Он помнил, как смотрел фейерверк в День поминовения, и бедро с ногой болели, как последняя сволочь; как ел арбуз Четвертого июля, плюясь семечками в траву и наблюдая за Карлой и ее сестрами, игравшими в бадминтон: бедро и нога ныли, но не так отчаянно; как Генри позвонил в сентябре («Проверка связи», — сказал он) и болтал о чем угодно, включая ежегодную охоту в ноябре. «Конечно, я поеду», — заверил Джоунси, не подозревая тогда, как неприятна ему будет тяжесть «гаранда» в руках. Они поболтали о работе (последние три недели второго семестра Джоунси читал лекции, довольно ловко перемещаясь на костылях), о семьях, о прочитанных книгах и просмотренных фильмах; Генри, как и в январе, пожаловался, что Пит слишком много пьет, Джоунси, находившийся в состоянии непрерывной войны с женой по тому же поводу, не захотел говорить на эту тему, но когда Генри упомянул о предложении Бивера на обратном пути остановиться в Дерри и повидать Даддитса Кэвелла, немедленно согласился. Слишком давно они не были вместе, а лучшего лекарства от хандры, чем инъекция Даддитса, трудно придумать. Кроме того… «Генри, — спросил он тогда, — мы ведь собирались к Даддитсу, верно? В день Святого Патрика. Сам я не помню, но в календаре записано». «Верно, — ответил Генри, — собирались». «Вот и говори об ирландской удаче, а?»

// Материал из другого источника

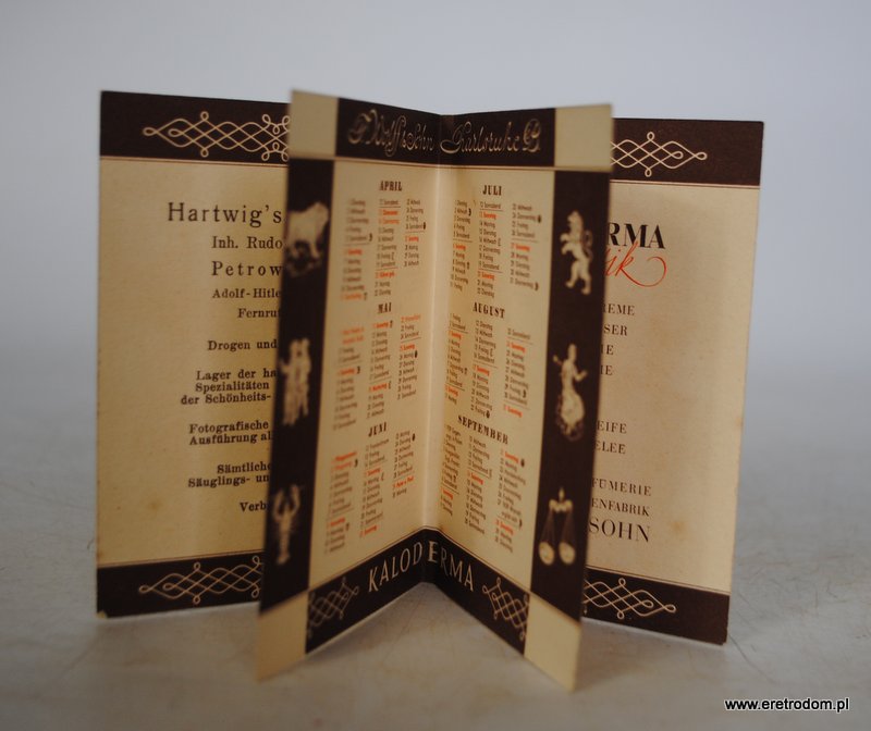 Kalendarz, Drogerie Hartwig’s, Katowice Piotrowice. 1941 rok.

Перебрав все это в памяти, Джоунси окончательно уверился, что в его жизни пятнадцатое марта уже было. Доказательств тому предостаточно: взять хотя бы календарь в кабинете. Однако они настали снова, эти трагические иды, и теперь, теперь… как обидно… похоже, это пятнадцатое куда страшнее, чем то, прежнее.

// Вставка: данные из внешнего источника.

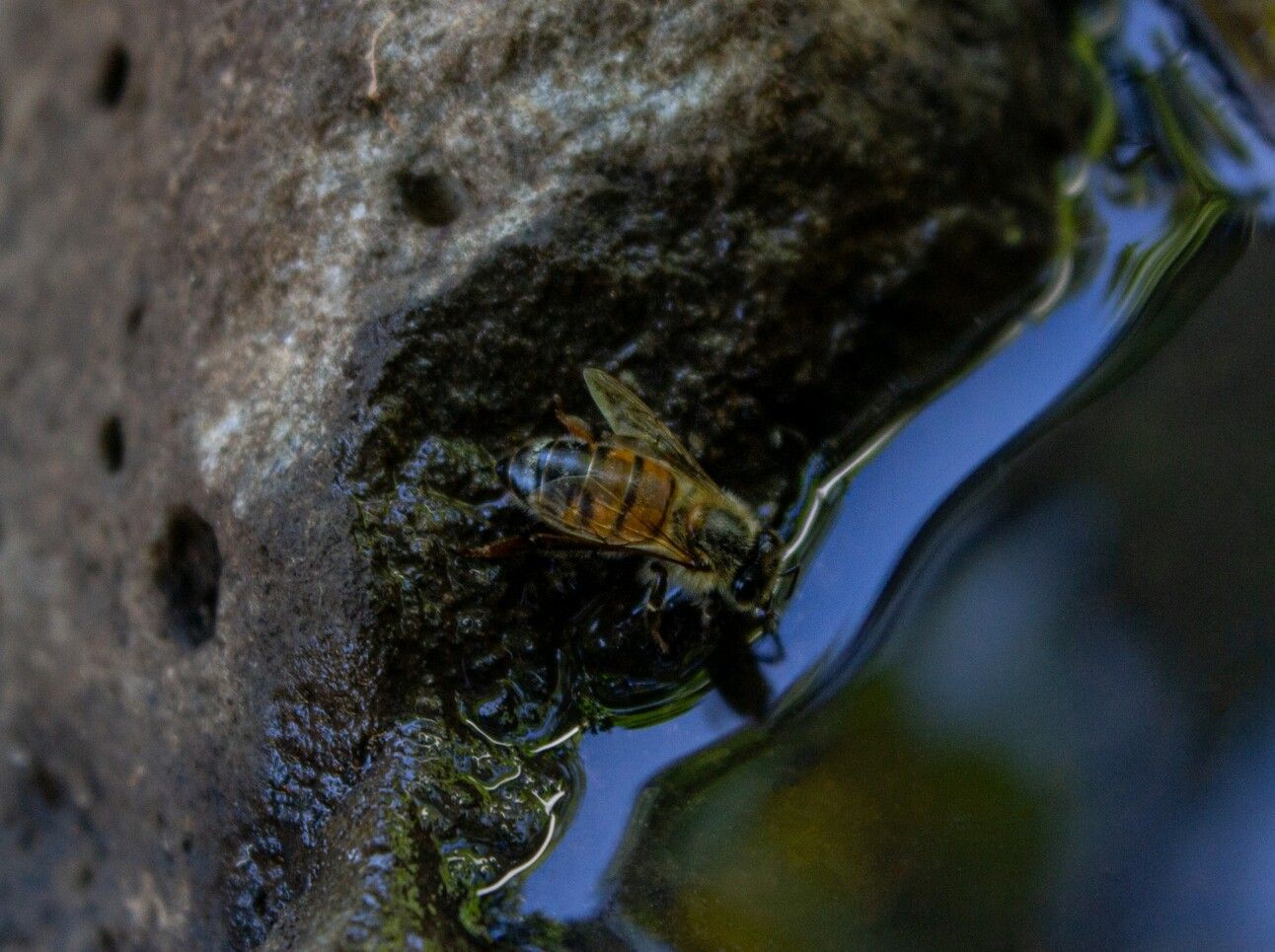 Busy bees do their work but also connect with other fellow bees in their hive. Even they must stop for water!

Раньше воспоминания об этом дне меркли где-то около десяти утра. Он сидел в кабинете, пил кофе и складывал книги, собираясь спуститься в библиотеку исторического факультета, где на специальном столе оставлялась пожертвованная студентам литература. Он был расстроен, хотя даже ради спасения жизни не мог бы объяснить почему. Согласно тому же календарю, на котором он небрежно записал дату поездки к Даддитсу, у него в тот день была беседа со студентом по имени Дэвид Дефаньяк. Трудно сказать, каков был предмет этой самой беседы, но один из аспирантов сообщил о сданном Дефаньяком эссе на тему немедленных результатов норманнского завоевания: очевидно, разговор шел именно об этом. Но все же, что такого в обычной встрече преподавателя со студентом так расстроило адъюнкт-профессора Гэри Джоунса?

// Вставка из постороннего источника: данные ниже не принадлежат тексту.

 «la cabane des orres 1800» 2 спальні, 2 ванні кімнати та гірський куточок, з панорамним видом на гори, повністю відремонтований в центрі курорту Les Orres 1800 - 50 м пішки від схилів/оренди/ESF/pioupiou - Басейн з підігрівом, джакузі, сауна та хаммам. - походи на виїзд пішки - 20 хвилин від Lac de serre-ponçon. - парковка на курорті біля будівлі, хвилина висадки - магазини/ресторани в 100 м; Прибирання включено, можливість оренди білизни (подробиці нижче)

Но даже плохое настроение не помешало ему мурлыкать себе под нос, мурлыкать какую-то бессмыслицу: «Мы можем-можем, да-да, мы можем, можем, Господь небесный, можем…» А потом… потом какие-то обрывки: пожелание Колин, секретарю факультета, счастливого дня Святого Пэдди, покупка «Бостон феникс» в газетном ларьке у здания университета, четвертак, брошенный в футляр от саксофона какого-то «скинхеда» на мосту со стороны Кембриджа, ощущение жалости к бритоголовому парню, мерзнувшему на ветру в легоньком свитерке, но связные воспоминания обрывались стопкой книг, книг, которые он собирался подарить. Сознание вернулось к нему в больнице вместе с монотонным голосом из соседней палаты:
Пожалуйста, прекратите, я этого не вынесу, сделайте мне укол, где Марси, хочу Марси.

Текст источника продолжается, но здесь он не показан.